That's almost neither here nor there, Parley is still watching Norman, as though even his turn, or his movement of /eyebrow/ were all responses of his own experiment in mid-conduction, "I doubt mutants need help with that, after the City Hall massacre." Like setting up dominos, it's build up, including, "Mmmh, I'm almost disappointed with you for not noticing. It was such a long span of time he'd suddenly dropped off the map of 'Spider' sightings online. Or had you stopped looking?"
"A few," Norman notes, although there's a sort of dramatic huffiness to the way he announces this; as if it were just a way of taunting Parley's mention of compensation. As if to say: Oh, Parley, if you're going to be /that/ way...
The mention of the Spider causes Norman to pause, oh yes; it brings about a spasm of his eyebrow, too. And: "His sightings were always -- sporatic. Although I've noticed they follow a typical high-schooler's schedule... you're saying he was involved? In the events. And they opted to keep him hidden." Norman chews this fact over for a few moments; he reaches to scratch at his chin. "Interesting."
"A few." Parley says it like /right/, I'm so sure. I'm so sure. This steady battle of Parley's to get Norman to GIVE HIM MONEY wars with curiosity. Guess which wins out. /Again/. "--Ss. I'd want access to study results thus far to know what to prepare for." The tapping of his thumb on forearm might be the equivalent of a feline /flicking/ its tail pissily.
"Involved is one way to say it. He was among the victims."
"Mmn. Victims," Norman responds, as if, again, chewing this idea over, testing its flavor -- maybe it's the thought of Peter struggling to survive in a brutal death-match against some mutant aggressor that's prompted the sudden smile on his face. "And they spared him exposure. How tantalizing." A pause, before he adds: "Do you have access to the video, Parley?" The matter of the screecher seems to have been forgotten amidst this -- idea. Maybe Norman just wants to /watch/ Peter fight for his life.
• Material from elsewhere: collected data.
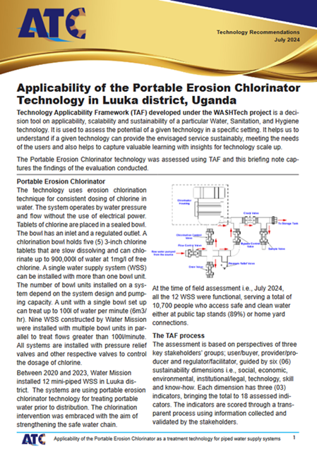 (Applicabilité de la technologie du chlorateur portable à érosion dans le district de Luuka, en Ouganda Évaluation TAF) rapport ; 4 pages | Jul 2024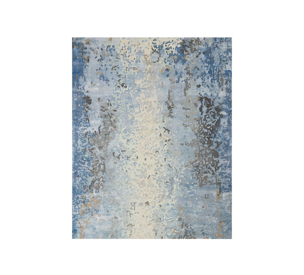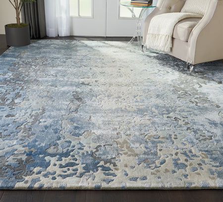 This contemporary abstract rug design from the Nourison Cielo Collection features ombred shades of blue and grey, hand carved into a meticulous abstract pattern. The thick wool pile features sleek Luxcelle highlights for exceptional depth, sheen, and texture, bringing stylish chic to any room in the home.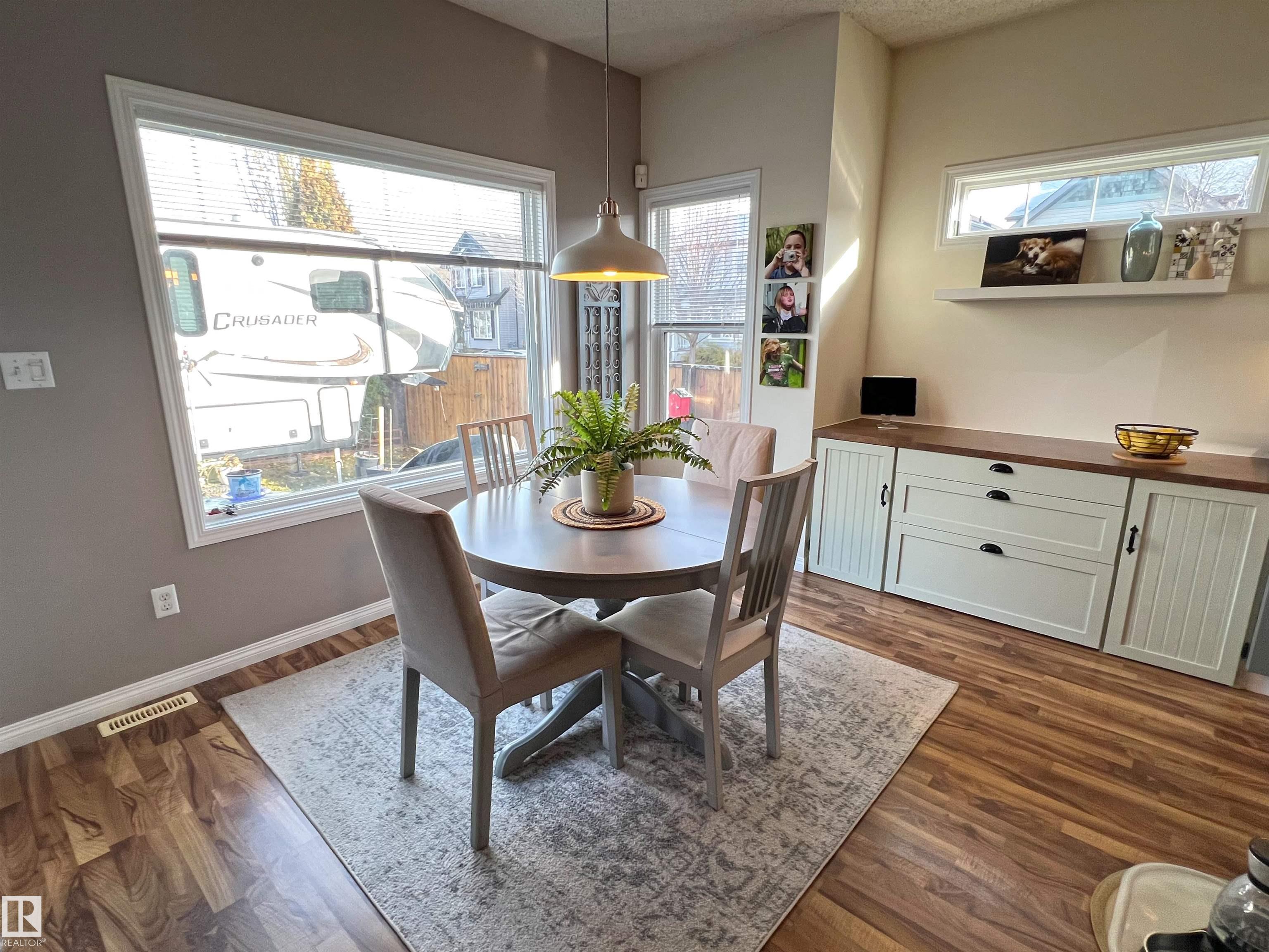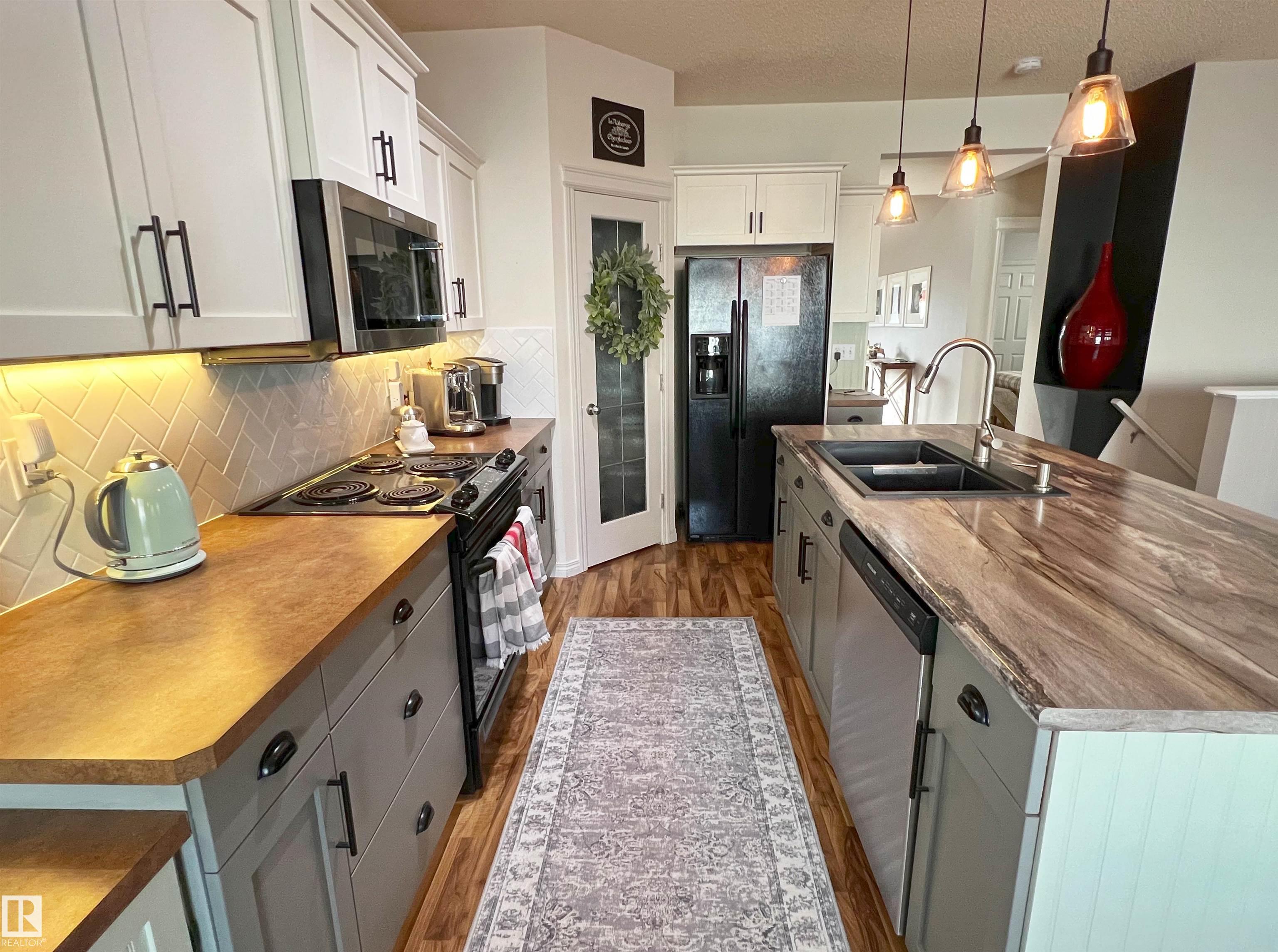 ORIGINAL OWNER executive bungalow with over 2,000 sq ft of living space on a CORNER LOT! This 1+2 bedroom, 2 bath home is AIR CONDITIONED. Step inside to a bright entryway and flex space with beautiful south-facing windows. The spacious primary bedroom offers a walk in closet and four-piece bath, while the MAIN FLOOR LAUNDRY is great for accessibility. The open-concept kitchen features an UPDATED ISLAND, expanded countertops, and pantry, flowing into a cozy living room with gas fireplace and a breakfast nook. Outside the backyard has a large deck and enough room to park your RV! Downstairs includes a family room, two additional bedrooms, storage, and a two-piece bath with future potential for a shower. A DOUBLE ATTACHED GARAGE completes the property. Pride of ownership shows with updates throughout the years including three-year-old shingles and a high-efficiency furnace. Easy access to 127 St and the Henday while still maintaining that friendly neighborhood feeling.

On loop, over and over again.
"If I said I did?" Parley's innocently looking along the ceiling. Doot doot doot.
Norman chuffs. "Of course," he responds, setting the thwip-device down -- walking back into the main room. Where the Sentinel Drone sleeps. There's a loud *WHUMP* as he closes the chasis cover, snapping it shut; it's followed by the sound of switches being thrown -- a gentle, slowly-rising whirr from within the machine itself. "You /want/ something. Such a greedy thing, Parley." This is followed with a laugh, and then: "You know, I could just turn him in to the authorities myself. I'm sure I could think of /some/ compelling cover story to explain how he got my bio-paste, /and/ how I came to know his identity."
"And burn all of your tentative bridges with Xavier's school and potentially being branded an /enemy/ of one of the largest mutant communities on the East Coast while you're at it." Parley is following Norman -- eventually. It's a sort of loose vector that eventually deposits him behind the CEO to peer around the side of him. If he had a twitchy nose to /sniff/ with, it would be SO TWITCHY right now. Peeeeeek. "Tsk. And you've been doing so well not shooting yourself in the foot lately. Have you been sleeping?"
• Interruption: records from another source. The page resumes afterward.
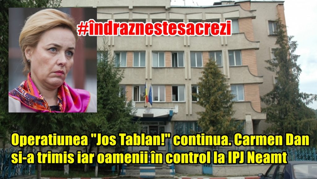 Operațiunea ”Jos Tablan!” continuă. Carmen Dan și-a trimis iar oamenii în control la IPJ Neamț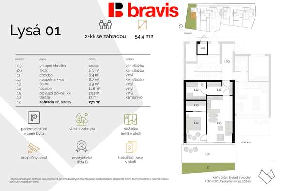 Byt má dispozici 2+kk a celkovou podlahovou plochu 54,4 m². Součástí bytu je také prostorná zahrada o celkové výměře 271 m², jejíž součástí je terasa o velikosti 13 m². Ta nabízí dostatek místa pro relaxaci, posezení i příjemné trávení volného času na čerstvém vzduchu.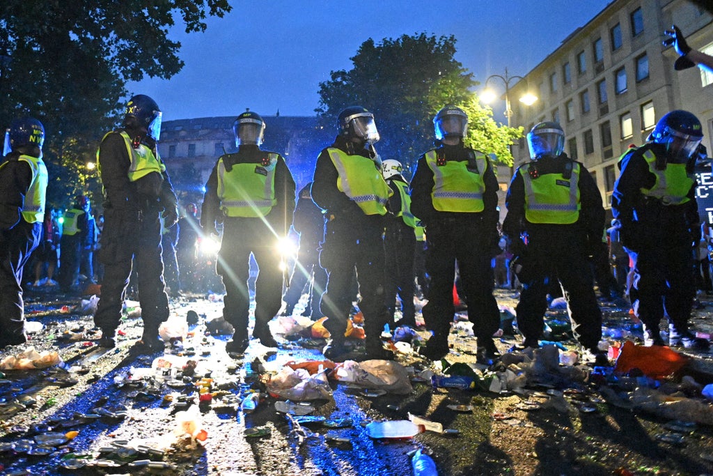 Crowds of fans swarmed London on Sunday with scuffles breaking out in Leicester Square. Bottles and cones were also hurled across the area, hitting other fans, while parts of central London were left littered with rubbish.
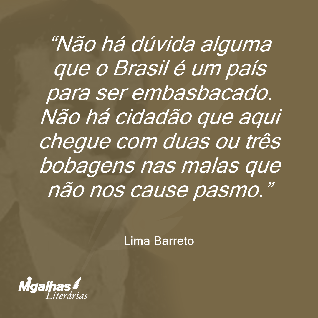 Não há dúvida alguma que o Brasil é um país para ser embasbacado. Não há cidadão que aqui chegue com duas ou três bobagens nas malas que não nos cause pasmo.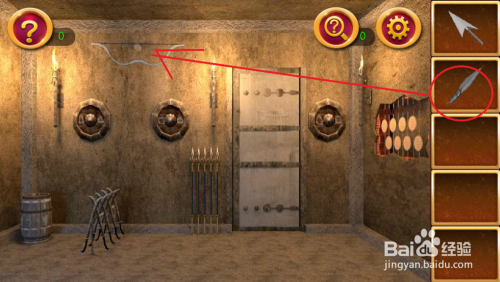 然后在鞭把的处所点击三个位置即可把门开了。
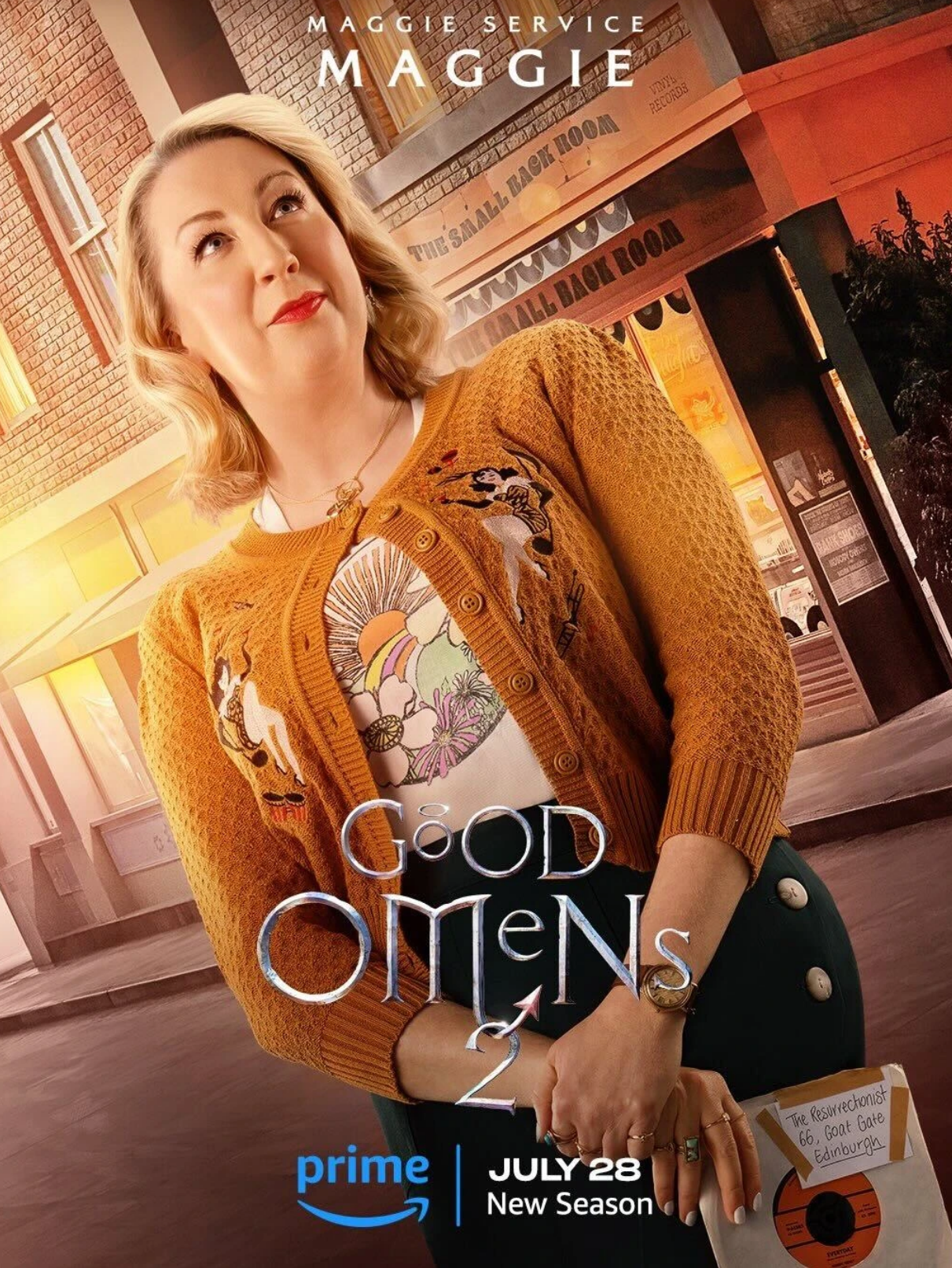 麦琪介绍:唱片店的老板,与尼娜关系很好,她的生意就在亚茨拉斐尔的书店旁边,并且拖欠了亚茨拉斐尔的租金。在大天使加百利突然出现之后,与尼娜一起帮助亚茨拉斐尔和克劳利解决天堂和地区派来的搜捕使者们造成的麻烦。

"Peh. I'd be surprised," Norman counters, "if they wouldn't think of me as doing them a /favor/. The boy's running around the city pretending to be a superhero. All it will take is one slip-up and he'll expose them all. Maybe they'll even /thank/ me." The Sentinel Drone purrs to life; whirring propellers begin to spin within their contained sheathes -- the whole machine makes a gentle 'whrrrmp' as its weight relaxes against the table it's placed upon. Wires attaching it to the walls and various terminals begin to pull taut as it lifts -- a wobble to the left, a wobble to the right -- a few tentative inches off the ground -- a rush of air accompanying its rise, hot and swirling out to brush across Norman's labcoat and probably ruffle Parley's clothes and fur.
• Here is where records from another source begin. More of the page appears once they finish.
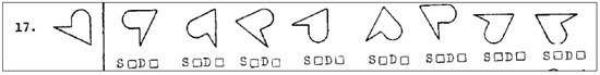 Students’ spatial ability was evaluated through the card rotations test (CRT) [45]. CRT is a true–false test including two parts of 10 questions; it was developed to evaluate an individual’s ability to see similarities and differences between the shapes. One point is given to each true answer, and the total scores could range from 0 to 160. Figure 2 shows one of the CRT items.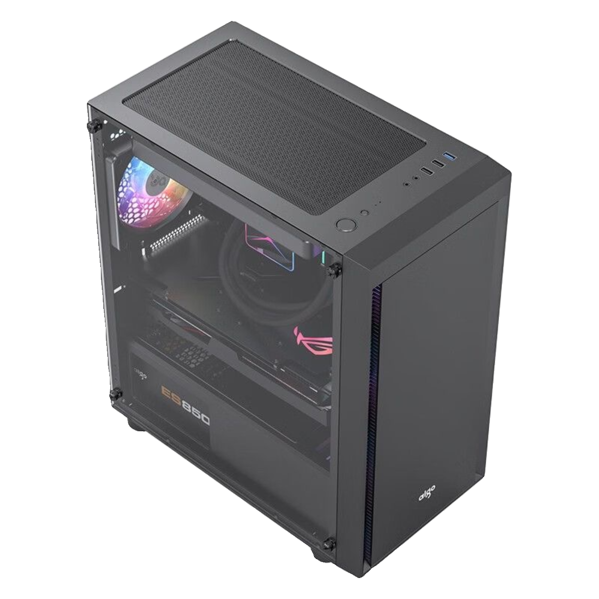 爱国者V12黑色机箱电脑台式主机箱电源套装matx亚克力侧透机箱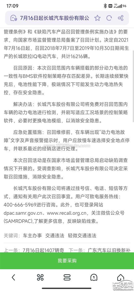 该车是长城欧拉IQ召回车辆,车辆仅行驶200,000公里左右,电池就已达到报废标准,严重影响车辆的正常使用和价值。然而长城欧拉召回方案是刷写升级软件,是我们车主不能接受的,原本充电速度及充电功率能够达到150A左右、功率约55kW,刷写升级软件后充电电流被控制在50A左右,充电时间大幅延长。在召回方案中提及的更换电池模组,然而并没有更换电池包一说。根据本地其他欧拉IQ车主,在达到公里里程200000左右,续航只有150-180,电池包鼓包,长城欧拉才给予更换电池。事实,我车现在行驶到216551公里,出现了动力电池故障及续航里程严重不足,长城欧拉不给予召回车辆更换电池模组。

"That being said," Norman continues, plucking up a tablet, tapping his finger against the display on it -- causing the drone to sloooowly rotate, "your point is taken. They've tolerated him for this long. Perhaps they're suffering from some manner of sentimental indulgence."
"He /is/ a miniature Jackson Holland, isn't he." Parley lurks behind Norman, /probably/ unconsciously, eyes fully wide and /drinking/ in the curious majesty of the Sentinel in action... behind the forearm raised to partly windblock the air rushing past his face. "And Holland has grown /fond/ of him. Nepotism isn't specific to just human schools. - and he's /quite/ bright. It's a shame. You might have gotten on with him, at sixteen." He's calling you /old/, Norman. "I believe he's recently gained some form of employment at Stark Industries, actually."
And, allows, abruptly, admits, "You know. I don't think any of the Latverian models had flight capability. That he'd shown, in any event."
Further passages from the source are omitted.